The latest Asian Development Outlook (ADO) 2019, ADB's flagship economic publication, forecasts that growth in the region will soften to 5.7 percent in 2019 and 5.6 percent in 2020. Developing Asia's growth in 2018 was 5.9 percent.

Excluding the newly industrialized economies of South Korea, Singapore, China's Hong Kong and China's Taipei, developing Asia is forecast to expand 6.2 percent in 2019 and a slightly slower 6.1 percent in 2020. In 2018, growth was 6.4 percent.

"Growth overall remains solid with domestic consumption strong or expanding in most economies around the region. This is softening the impact of slowing exports," ADB chief economist Yasuyuki Sawada said. "Uncertainty clouding the outlook remains elevated," he said.

ADB forecasts slower combined growth in the United States, the European Union (EU), and Japanese economies of 1.9 percent this year and 1.6 percent in 2020 given tighter fiscal and monetary conditions in the United States, the prospects of a disorderly Britain exit from the EU, and other reasons.

China will likely see economic growth moderate to 6.3 percent in 2019 and 6.1 percent in 2020 from 6.6 percent in 2018. Slower growth is to be expected as China's economy matures.

By contrast, the report says stronger consumption will see growth in India tick up from 7.0 percent in 2018 to 7.2 percent in 2019 and 7.3 percent in 2020 with lower policy interest rates and income support to farmers boosting domestic demand. South Asia overall will outperform other subregions and is forecast to expand 6.8 percent this year and 6.9 percent next year.

Growth will also rebound in the Pacific from 0.9 percent in 2018 to 3.5 percent in 2019 as liquefied natural gas production in Papua New Guinea, the subregion's largest economy, returns to full capacity following an earthquake in 2018. Growth is expected to be 3.2 percent in 2020.

Lower oil prices, alongside slower growth in Russia, will weigh on economies in Central Asia. Growth in the subregion is forecast to slow to 4.2 percent for this year and in 2020.

Inflation remains low.
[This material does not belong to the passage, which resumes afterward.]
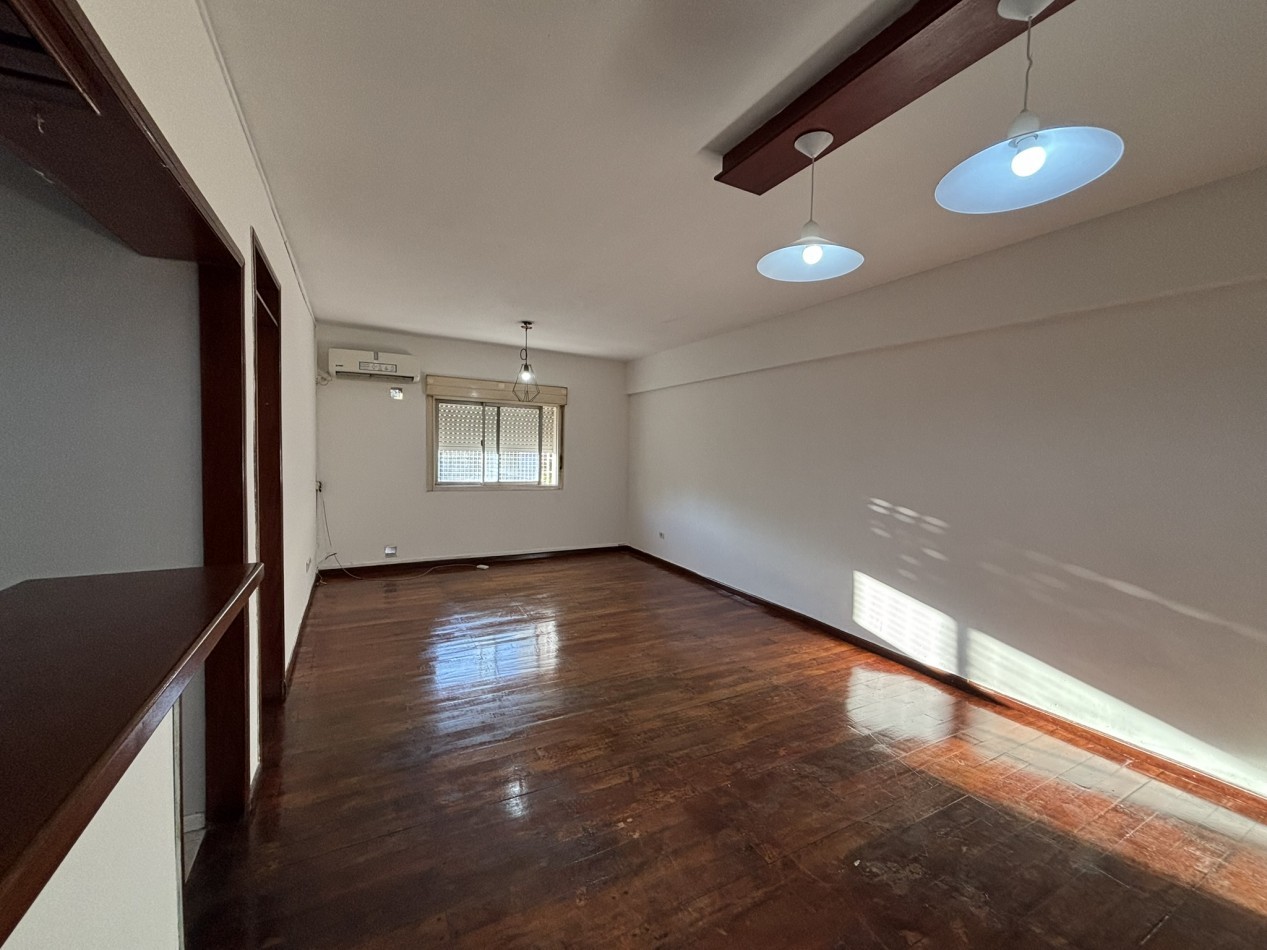 La propiedad cuenta con 3 dormitorios con placares, ideal para familias o para quienes necesitan un ambiente extra como escritorio. El living comedor tiene piso de madera, aire acondicionado y una luz natural increíble que hace que el espacio se sienta amplio y cálido a la vez.

Stable food and fuel prices mean headline inflation will be steady at 2.5 percent in both 2019 and 2020, the report said.

While Asia's emerging market currencies improved somewhat in late 2018, research prepared for the ADO said that exchange rate volatility can be problematic, particularly for countries that rely on U.S. dollar-denominated debt.

"Suitable monetary and macroprudential policies, regional policy dialogue, and deeper domestic capital markets can mitigate the impact from tighter external funding conditions," the report said.